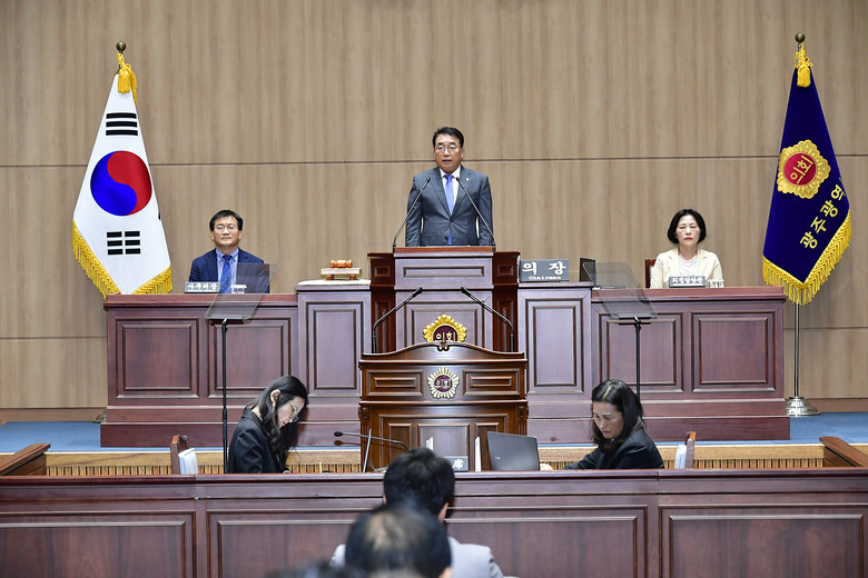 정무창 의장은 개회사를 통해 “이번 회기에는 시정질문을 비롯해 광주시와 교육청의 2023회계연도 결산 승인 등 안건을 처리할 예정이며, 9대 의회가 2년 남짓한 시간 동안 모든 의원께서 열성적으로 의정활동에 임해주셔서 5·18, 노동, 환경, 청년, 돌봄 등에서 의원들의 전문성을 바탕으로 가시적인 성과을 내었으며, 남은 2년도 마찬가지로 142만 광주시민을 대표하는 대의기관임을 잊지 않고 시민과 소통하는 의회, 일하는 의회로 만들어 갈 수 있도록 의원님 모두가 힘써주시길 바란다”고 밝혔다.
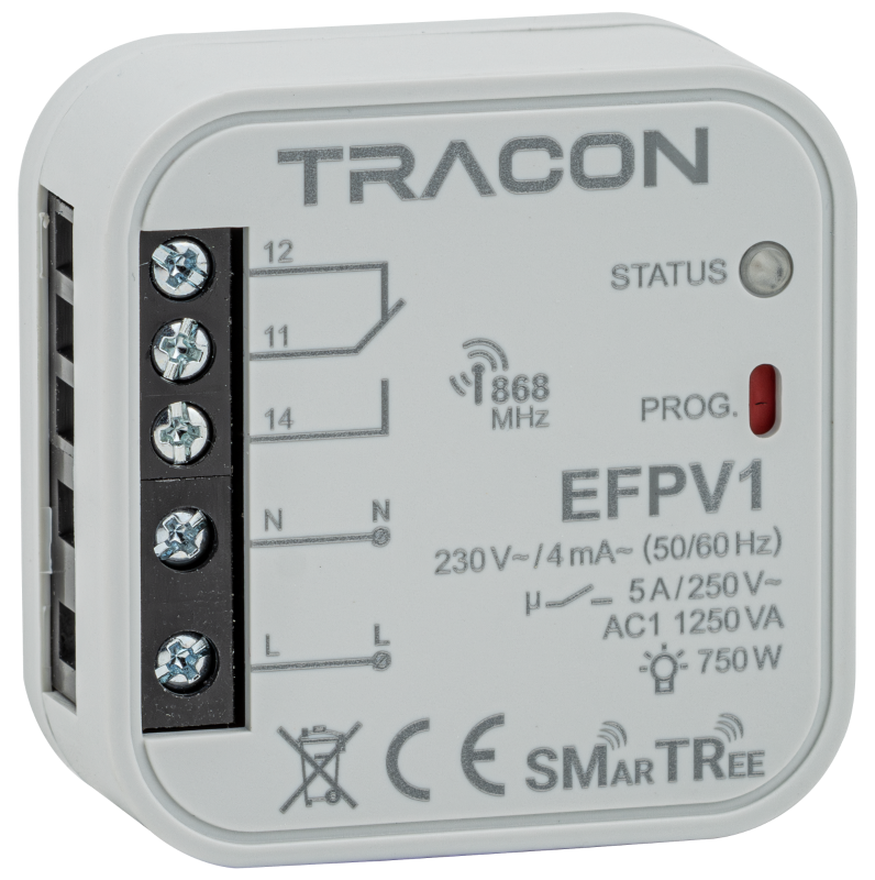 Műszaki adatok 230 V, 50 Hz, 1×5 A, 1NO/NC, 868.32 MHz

==

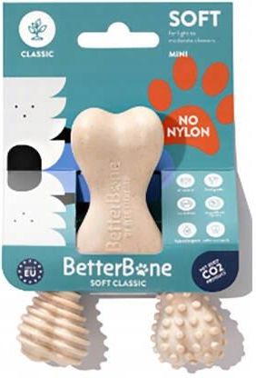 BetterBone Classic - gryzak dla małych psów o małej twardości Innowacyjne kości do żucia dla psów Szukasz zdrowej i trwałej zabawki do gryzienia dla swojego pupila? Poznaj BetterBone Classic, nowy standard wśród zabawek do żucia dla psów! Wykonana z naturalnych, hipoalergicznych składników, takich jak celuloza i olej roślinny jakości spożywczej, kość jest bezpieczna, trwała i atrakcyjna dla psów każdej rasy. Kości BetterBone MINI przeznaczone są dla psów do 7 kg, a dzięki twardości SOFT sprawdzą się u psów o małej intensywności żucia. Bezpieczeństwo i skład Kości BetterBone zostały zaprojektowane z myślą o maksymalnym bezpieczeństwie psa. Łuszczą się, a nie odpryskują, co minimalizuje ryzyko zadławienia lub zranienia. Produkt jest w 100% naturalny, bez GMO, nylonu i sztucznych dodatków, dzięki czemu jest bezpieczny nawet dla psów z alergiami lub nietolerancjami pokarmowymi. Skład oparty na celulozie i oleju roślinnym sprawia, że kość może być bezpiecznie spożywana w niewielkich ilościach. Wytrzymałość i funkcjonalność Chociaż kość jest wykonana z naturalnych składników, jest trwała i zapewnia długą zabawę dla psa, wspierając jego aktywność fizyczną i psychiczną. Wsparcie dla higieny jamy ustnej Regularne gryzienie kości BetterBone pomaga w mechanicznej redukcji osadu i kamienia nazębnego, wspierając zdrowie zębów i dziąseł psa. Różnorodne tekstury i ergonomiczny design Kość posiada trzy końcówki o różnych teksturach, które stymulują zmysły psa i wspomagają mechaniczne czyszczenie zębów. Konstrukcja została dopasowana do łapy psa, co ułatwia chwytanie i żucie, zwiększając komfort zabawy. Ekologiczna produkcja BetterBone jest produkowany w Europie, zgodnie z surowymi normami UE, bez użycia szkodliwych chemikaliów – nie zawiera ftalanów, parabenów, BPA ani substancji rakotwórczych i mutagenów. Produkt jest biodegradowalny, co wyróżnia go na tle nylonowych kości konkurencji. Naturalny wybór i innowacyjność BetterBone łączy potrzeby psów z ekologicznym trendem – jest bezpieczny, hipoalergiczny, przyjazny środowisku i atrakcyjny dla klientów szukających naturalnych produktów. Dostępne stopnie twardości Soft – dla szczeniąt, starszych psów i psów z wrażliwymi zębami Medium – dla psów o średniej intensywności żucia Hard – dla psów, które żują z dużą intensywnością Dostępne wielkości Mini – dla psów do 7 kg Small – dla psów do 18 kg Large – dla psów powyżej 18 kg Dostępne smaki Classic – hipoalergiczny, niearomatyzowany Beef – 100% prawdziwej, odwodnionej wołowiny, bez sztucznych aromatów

**Problem details**:
Write out, word for word, the stretch of entries that begins at the line with "정무창 의장은 개회사를" and ends at the line with "Műszaki adatok 230". Pictures do not belong in it.

**Task solution**:
 정무창 의장은 개회사를 통해 “이번 회기에는 시정질문을 비롯해 광주시와 교육청의 2023회계연도 결산 승인 등 안건을 처리할 예정이며, 9대 의회가 2년 남짓한 시간 동안 모든 의원께서 열성적으로 의정활동에 임해주셔서 5·18, 노동, 환경, 청년, 돌봄 등에서 의원들의 전문성을 바탕으로 가시적인 성과을 내었으며, 남은 2년도 마찬가지로 142만 광주시민을 대표하는 대의기관임을 잊지 않고 시민과 소통하는 의회, 일하는 의회로 만들어 갈 수 있도록 의원님 모두가 힘써주시길 바란다”고 밝혔다.
 Műszaki adatok 230 V, 50 Hz, 1×5 A, 1NO/NC, 868.32 MHz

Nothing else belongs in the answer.